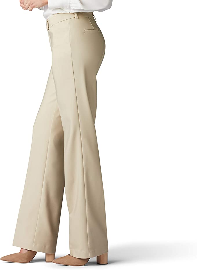 REGULAR FIT. With a regular fit and mid rise, these pants are a work-wear must. These women's trousers have a flexible non-binding waistband for all-day comfort.
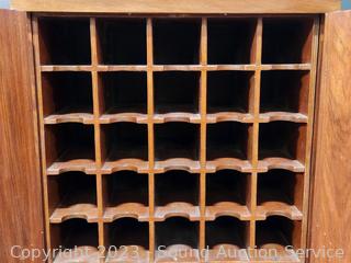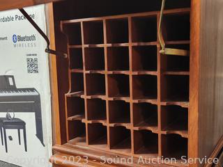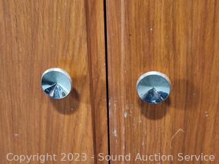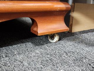 On casters for easier movement, however doesn't roll well. Both ends open up but oddly, one side with normal cabinet doors, other lifts from the bottom up. Some minor scuffs, wear to finish. 28" H x 18" W x 21.5" D.
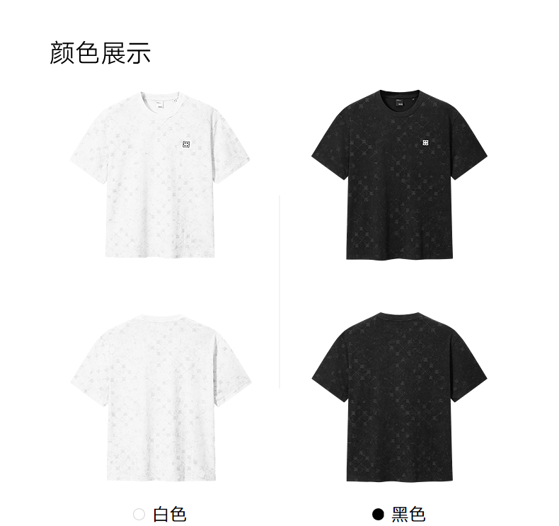 GXG男装 圆领T恤暗满印上衣短袖针织 日常通勤舒适短袖T恤 2025夏季热卖
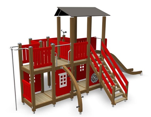 Monipuolinen Maalaistalo Teemaleikkiväline. Portaat johtavat 1470 mm korkealle tasolle, josta päästään laskeutumaan huimaa vauhtia pitkää liukumäkeä pitkin. Tasolla maisemia voi tarkkailla... Lue lisää
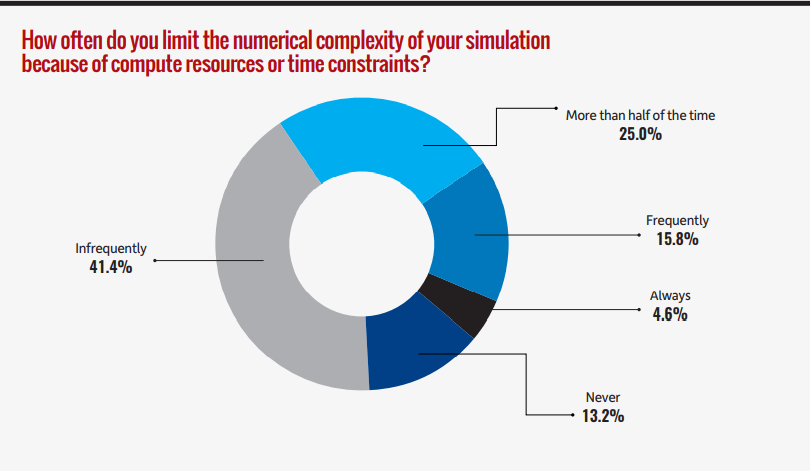 雖然受訪者表示在設計流程的各環節中越來越多地使用上了仿真,但隨著仿真模型規模、復雜性的不斷提高,各大公司仍有一些苦惱。
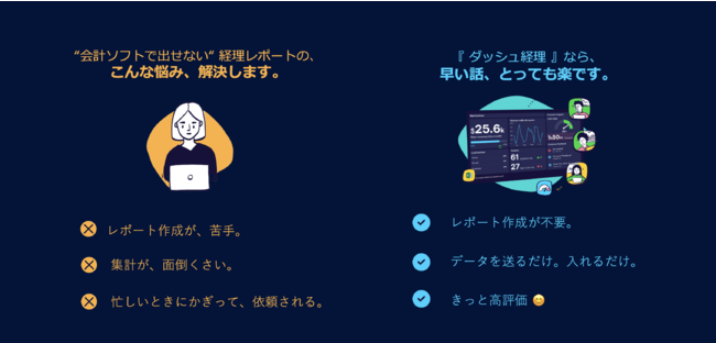こららの人々に対峙している経理担当者の業務を軽減するため、定型のレポート内容をダッシュボード化し、いつでも確認できるようにすることで、レポート作成依頼をなくしてしまうサービスです。
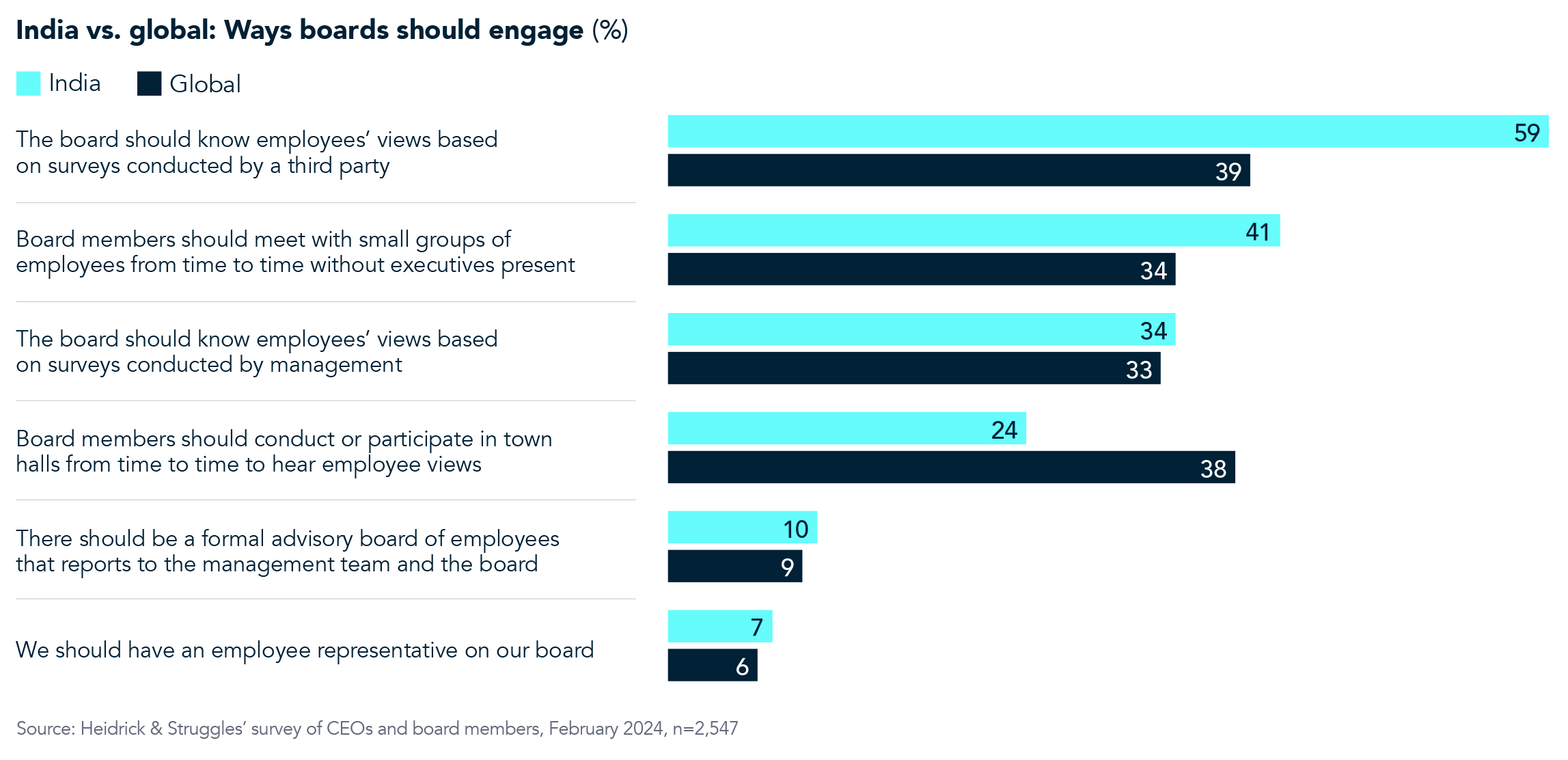 Workers are increasingly influencing the board agenda globally. A number of trends are driving this, including demographic changes, income inequality concerns, talent shortages, inflation, the resurgence of labor unions, and the proliferation of social media organizing platforms. To better understand the impact of this on how the board does its work, we asked respondents how they think they should engage with employees other than the most senior executives. A significant majority (86%) believe directors should engage with employees deeper in the company; only 13% believe they should not (the rest said they didn’t know). The figures are similar for India.

_Work order_
Would you restate the listing word for word and leave every picture out?

_Output below_
 REGULAR FIT. With a regular fit and mid rise, these pants are a work-wear must. These women's trousers have a flexible non-binding waistband for all-day comfort.
 On casters for easier movement, however doesn't roll well. Both ends open up but oddly, one side with normal cabinet doors, other lifts from the bottom up. Some minor scuffs, wear to finish. 28" H x 18" W x 21.5" D.
 GXG男装 圆领T恤暗满印上衣短袖针织 日常通勤舒适短袖T恤 2025夏季热卖
 Monipuolinen Maalaistalo Teemaleikkiväline. Portaat johtavat 1470 mm korkealle tasolle, josta päästään laskeutumaan huimaa vauhtia pitkää liukumäkeä pitkin. Tasolla maisemia voi tarkkailla... Lue lisää
 雖然受訪者表示在設計流程的各環節中越來越多地使用上了仿真,但隨著仿真模型規模、復雜性的不斷提高,各大公司仍有一些苦惱。
こららの人々に対峙している経理担当者の業務を軽減するため、定型のレポート内容をダッシュボード化し、いつでも確認できるようにすることで、レポート作成依頼をなくしてしまうサービスです。
 Workers are increasingly influencing the board agenda globally. A number of trends are driving this, including demographic changes, income inequality concerns, talent shortages, inflation, the resurgence of labor unions, and the proliferation of social media organizing platforms. To better understand the impact of this on how the board does its work, we asked respondents how they think they should engage with employees other than the most senior executives. A significant majority (86%) believe directors should engage with employees deeper in the company; only 13% believe they should not (the rest said they didn’t know). The figures are similar for India.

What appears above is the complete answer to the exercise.